This page explains how to enable and use OTel instrumentation
in `go-redis` using an example configuration for a local [Grafana](https://grafana.com/)
instance. See our
[observability demonstration repository](https://github.com/redis-developer/redis-client-observability)
on GitHub to learn how to set up a suitable Grafana dashboard.

## Installation

Install OTel support for `go-redis` with the following commands:

```bash
go get github.com/redis/go-redis/extra/redisotel-native/v9
go get go.opentelemetry.io/otel
```

## Import

Start by importing the required OTel and Redis modules:

{{< clients-example set="observability" step="import" lang_filter="Go" description="Foundational: Import required libraries for Redis observability, OpenTelemetry metrics, and Redis operations" difficulty="beginner" >}}
{{< /clients-example >}}

## Configure the meter provider

Otel uses a [Meter provider](https://opentelemetry.io/docs/concepts/signals/metrics/#meter-provider)
to create the objects that collect the metric information. The example below
configures a meter provider to export metrics to a local Grafana instance
every 10 seconds, but see the [OpenTelemetry Go docs](https://opentelemetry.io/docs/languages/go/)
to learn more about other export options.

{{< clients-example set="observability" step="setup_meter_provider" lang_filter="Go" description="Foundational: Configure a meter provider to export metrics to a local Grafana instance every 10 seconds" difficulty="beginner" >}}
{{< /clients-example >}}

## Configure the Redis client

You configure the client library for OTel only once per application. This will
enable OTel for all Redis connections you create. The example below shows the
options you can pass to the observability instance via the `redisotel.Config` object
during initialization.

{{< clients-example set="observability" step="client_config" lang_filter="Go" description="Foundational: Configure Redis observability with a list of metric groups and optional command filtering and privacy controls" difficulty="beginner" >}}
{{< /clients-example >}}

The available option methods for `redisotel.Config` are described in the table below.

| Method | Type | Description |
| --- | --- | --- |
| `WithEnabled` | `bool` | Enable or disable OTel instrumentation. Default is `false`, so you must enable it explicitly. |
| `WithMetricGroups` | `MetricGroupFlag` | Bitmap of metric groups to enable. By default, only `MetricGroupFlagConnectionBasic` and `MetricGroupFlagResiliency` are enabled. See [Redis metric groups]({{< relref "/develop/clients/observability#redis-metric-groups" >}}) for a list of available groups. |
| `WithIncludeCommands` | `[]string` | List of Redis commands to track. If set, only these commands will be tracked. Note that you should use the Redis command name rather than the Go method name (for example `LPOP` rather than `LPopCount`). |
| `WithExcludeCommands` | `[]string` | List of Redis commands to exclude from tracking. If set, all commands except these will be tracked. Note that you should use the Redis command name rather than the Go method name (for example `LPOP` rather than `LPopCount`). |
| `WithHidePubSubChannelNames` | `bool` | If true, channel names in pub/sub metrics will be hidden. |
| `WithHideStreamNames` | `bool` | If true, stream names in streaming metrics will be hidden. |
| `WithHistogramBuckets` | `[]float64` | List of bucket boundaries for the histogram metrics.
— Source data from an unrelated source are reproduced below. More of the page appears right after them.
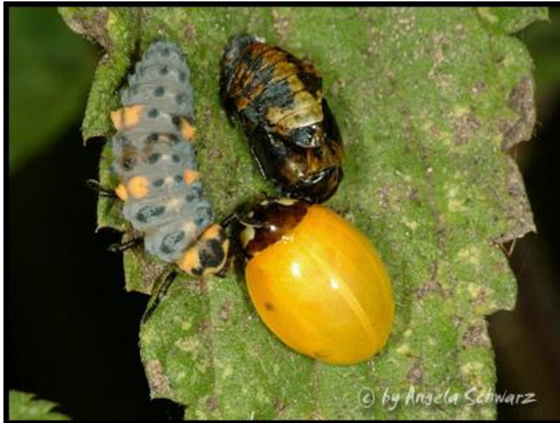
Abb. 2 Marienkäfer Larve, Puppe und frisch geschlüpfter Marienkäfer

Anton fand bald Anita eine wunderschöne Marienkäfer Frau. Die beiden wurden unzertrennlich, flogen immer zusammen von Blatt zu Blatt und suchten sich die fetttesten Blattläuse. Als diese alle aufgegessen waren, entdeckten sie dass Schildläuse noch leckerer waren. Im Juli legte Anita dann, so wie ihre Mutter Lilli, 500 gelbe Eier, die sie unter Blätter mit Schildläusen oder
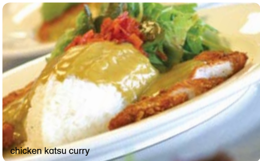
chicken katsu curry
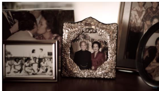
Gambar 2 Foto B.J. Habibie & Ainun : Kamu & Kenangan ( Official Music Video )
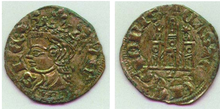
Figura 7: Cornado Alfonso XI León. Museo de León, Junta de Castilla y León, nº 1992,15,IV-225

La llegada al trono de Enrique II, y sobre todo la guerra civil entre petristas y trastamaristas (1366-69) que se saldó con la muerte de Pedro I a manos del propio Enrique II en los campos de Montiel, trajo un marasmo monetario a Castilla que no se conocía desde los tiempos de Alfonso X, siendo en nuestra opinión una de las cuatro grandes crisis con brutales quiebras monetarias de León y Castilla a lo largo de los siglos medievales, a saber:
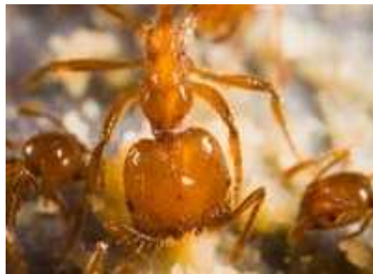
Slika 6. Solenopsis geminata
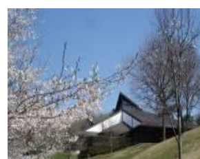
森のカルチャーセンター

森林、林業、野生鳥獣、木製玩具など、木材に関するさまざまな展示コーナーがあります。
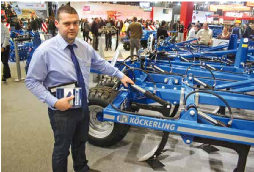
Chez Köckerling, le mulcheur déchaumeur dispose d'un effacement hydraulique des dents en cas de bourrage de pailles.
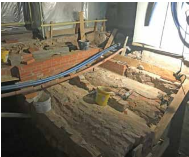
Stan prac w części nawy północnej przed przerwą, spowodowaną koniecznością czekania na usunięcie wilgoci.

Ostatni etap dużej, rozpoczętej w 2015 roku inwestycji diecezji łowickiej, dotyczy prac pod południową nawę bazyliki – pisaliśmy już o nich kilka miesięcy temu. Wcześniej zakończone zostały już podobne działania w nawie północnej. Część północna to przede wszystkim krypty, w południowej będzie można w przyszłości spa-
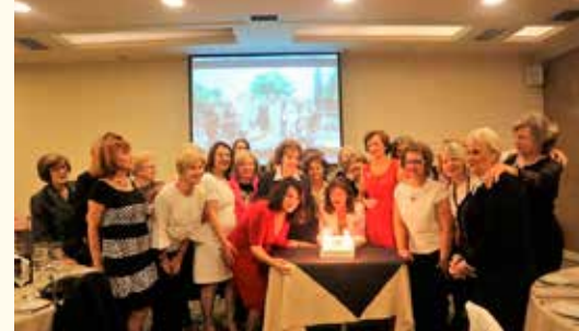
Νεότερη φωτογραφία του Ομίλου (Ιανουάριος 2020-Κοπή Πίτας)
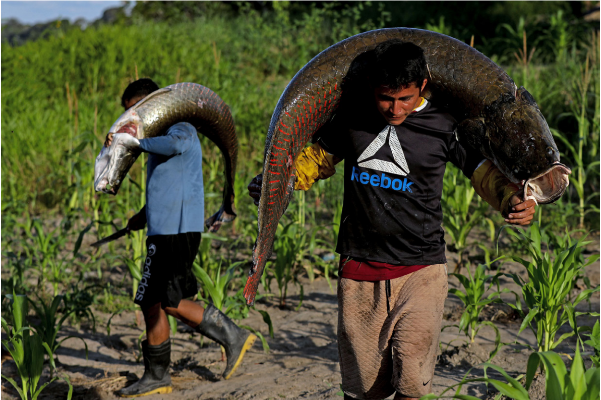
La pesca y la caza ilegales, incluida la caza furtiva del pirarucú, son actividades clave de la economía ilícita trifronteriza y los grupos criminales de la zona están profundamente implicados.

Los pirarucús que se pescan ilegalmente en territorios indígenas del lado brasileño de la triple frontera también se transportan a través de Leticia y Tabatinga para venderlos en Colombia. 103 Dado que Brasil cuenta con las únicas zonas de conservación en las que se crían estos peces, la legislación colombiana permite la importación legal de pirarucú. 104 Sin embargo, la normativa no incluye controles para determinar si las importaciones proceden de fuentes legales, lo que facilita la implicación de actores criminales. 105 Los criminales también transportan cadáveres de animales disecados desde el Valle del Yavarí a través de Tabatinga y Leticia hasta puertos colombianos para exportarlos a mercados asiáticos y norteamericanos. 106
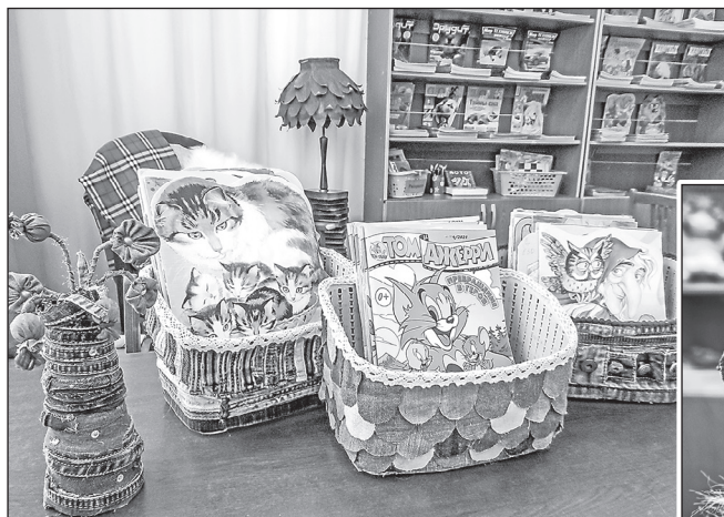
■ Джинсовая ткань идеально подходит для рукоделия. Из неё получаются оригинальные книжные короба...
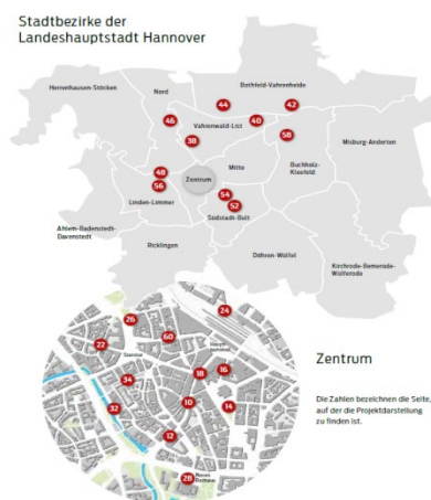
Рис. 1. Карта Ганноверу, де вказано редизайн яких громадських місць було розроблено

Наприклад, у Ганновері було розроблено масштабний покроковий план з перетворення міста який було розпочато ще в 2005 р. (рис. 1).
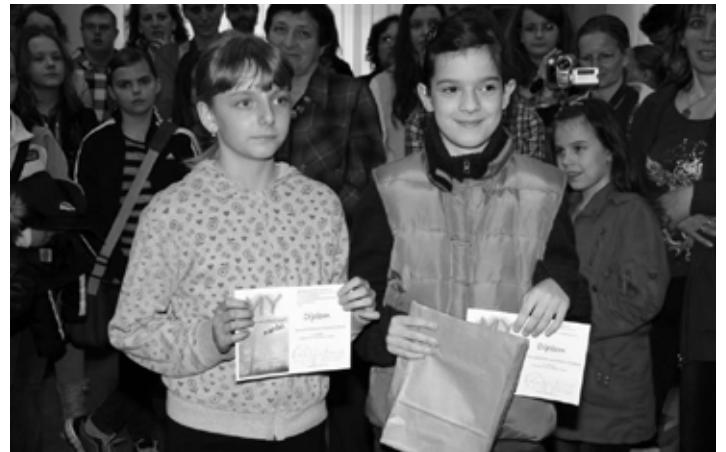
Ocenené autorky
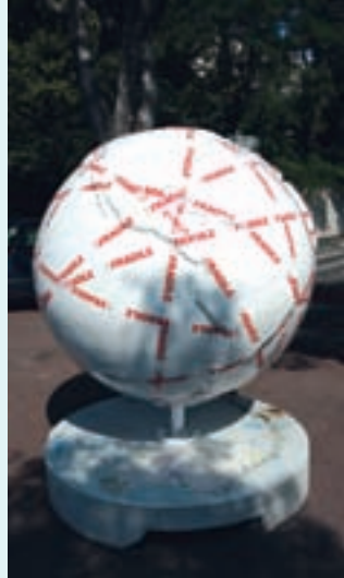
COOL GLOBES MARSEILLE 2010 par : Christophe CASTELLORIZIOS
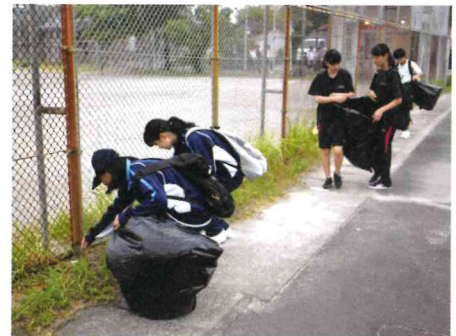
川内川花火大会清掃ボランティア
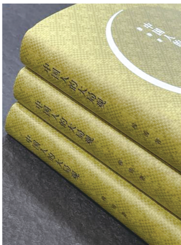
《中国人的大局观》穆涛著 陕西师范大学出版社出版

一条线、汇成一张网，进而了解历史的源流、文化的逻辑，令人有所发现和领悟，温故而知新。
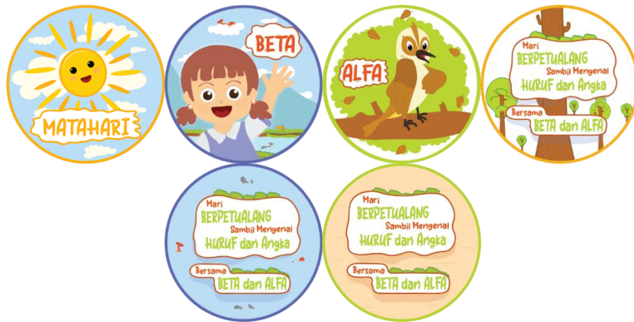
Gambar 5.3 Gantungan Kunci
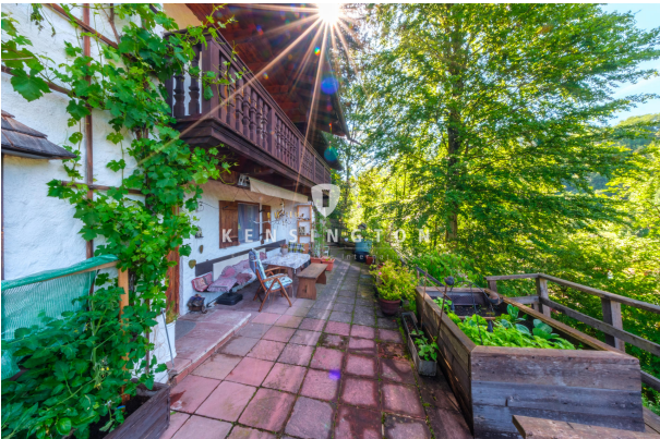
Terrasse Blickrichtung Osten
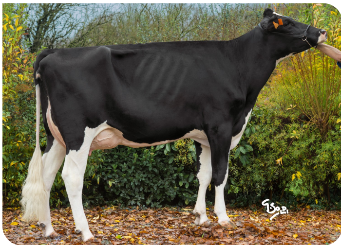
Ideale Grootmoeder van Neal
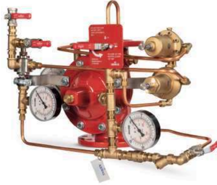
77DE-HRV-PR-MR Manuel Reset

Gövde : Sfero Döküm-GGG50 Bağlantı Şekli : Flanşlı-ISO veya ANSI Maks. Çalışma Basıncı : 300 psi-21 bar Maks. Çalışma Sıcaklığı : 80 °C

See [Custom histogram buckets](#custom-histogram-buckets) below for more information. |

### Custom histogram buckets

For the histogram metrics, a reasonable default set of buckets is defined, but
you can customize the bucket boundaries to suit your needs (the buckets are the
ranges of data values counted for each bar of the histogram). Pass an increasing
list of float values to the `WithHistogramBuckets` option when you create the `redisotel.Config`
object. The first and last values in the list are the lower and upper bounds of the
histogram, respectively, and the values in between define the bucket boundaries.

## Use Redis

Once you have configured the client, all Redis connections you create will be
automatically instrumented and the collected metrics will be exported to your
configured destination.

The example below shows the simplest Redis connection and a few commands,
but see the
[observability demonstration repository](https://github.com/redis-developer/redis-client-observability)
for an example that calls a variety of commands in a more realistic way.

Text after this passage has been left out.